● ABOUT THIS TASK
Images should be left out, and everything else in the listing reproduced exactly.

● DATA BELOW
============

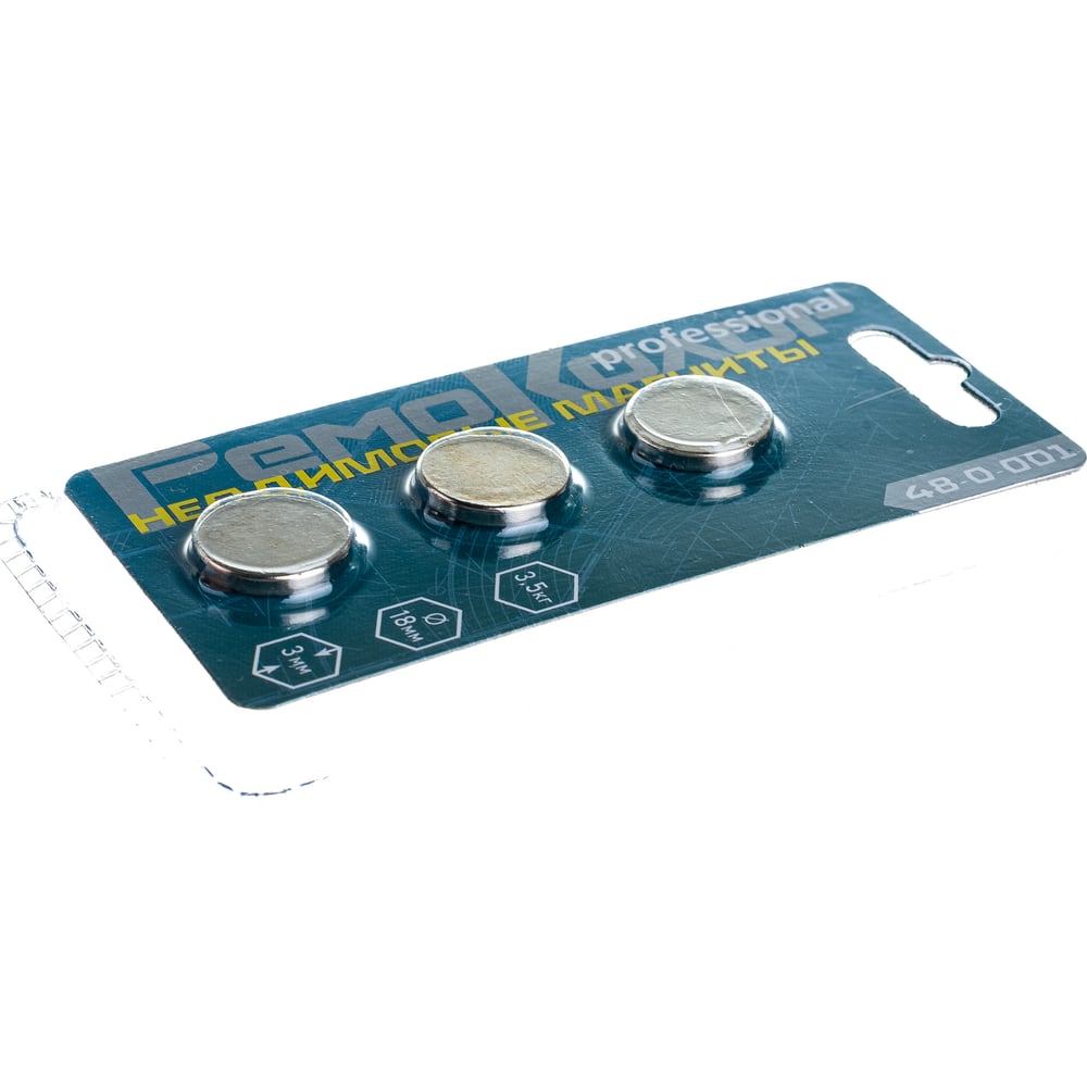 Неодимовые магниты РемоКолор бытовые, сцепление 3,5кг, сталь N42 NdFeb 3 шт 48-0-001
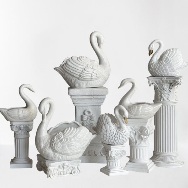 Our Swan Lake Swancore Garden Collection features graceful sculptural swan accents and swan floral compotes that create elegant focal points for your event tables. With their sweeping necks and classic form, the swans bring a romantic, sculptural element to centerpieces and our assorted collection can hold small to large floral arrangements. Swans evoke a sense of enduring romance and elegant reminder of partnership, unity, and timeless connection.
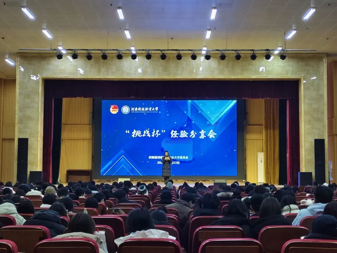为进一步营造校园科技创新氛围,全方位提升学生的科研创新能力,助力广大同学更加充分高效地备战“挑战杯”大学生课外学术科技作品竞赛。 2025年12月23日下午,由共青团河南科技职业大学委员会组织开展的“挑战杯”经验分享会在图书馆三楼演播厅成功召开。
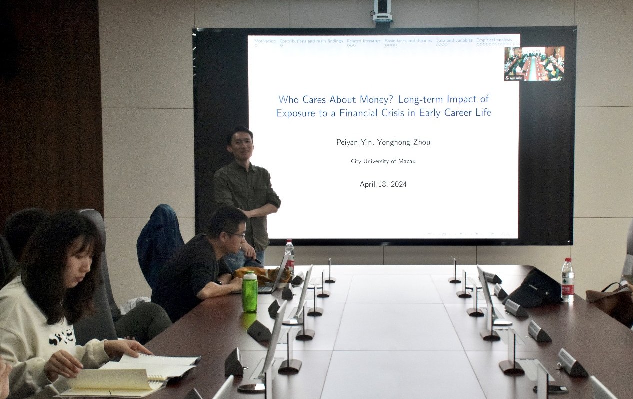 4月19日下午,必赢线路检测中心第332期高级经济学讲座于中心校区知新楼B321举行,澳门城市大学金融学院教授周泳宏作了题为“Who Cares about Money ?Long-term Impact of Exposure to a Financial Crisis in Early Career Life”的报告。讲座由必赢线路检测中心副研究员宋彦主持。

============

● ANSWER SPACE
 Неодимовые магниты РемоКолор бытовые, сцепление 3,5кг, сталь N42 NdFeb 3 шт 48-0-001
 Our Swan Lake Swancore Garden Collection features graceful sculptural swan accents and swan floral compotes that create elegant focal points for your event tables. With their sweeping necks and classic form, the swans bring a romantic, sculptural element to centerpieces and our assorted collection can hold small to large floral arrangements. Swans evoke a sense of enduring romance and elegant reminder of partnership, unity, and timeless connection.
为进一步营造校园科技创新氛围,全方位提升学生的科研创新能力,助力广大同学更加充分高效地备战“挑战杯”大学生课外学术科技作品竞赛。 2025年12月23日下午,由共青团河南科技职业大学委员会组织开展的“挑战杯”经验分享会在图书馆三楼演播厅成功召开。
 4月19日下午,必赢线路检测中心第332期高级经济学讲座于中心校区知新楼B321举行,澳门城市大学金融学院教授周泳宏作了题为“Who Cares about Money ?Long-term Impact of Exposure to a Financial Crisis in Early Career Life”的报告。讲座由必赢线路检测中心副研究员宋彦主持。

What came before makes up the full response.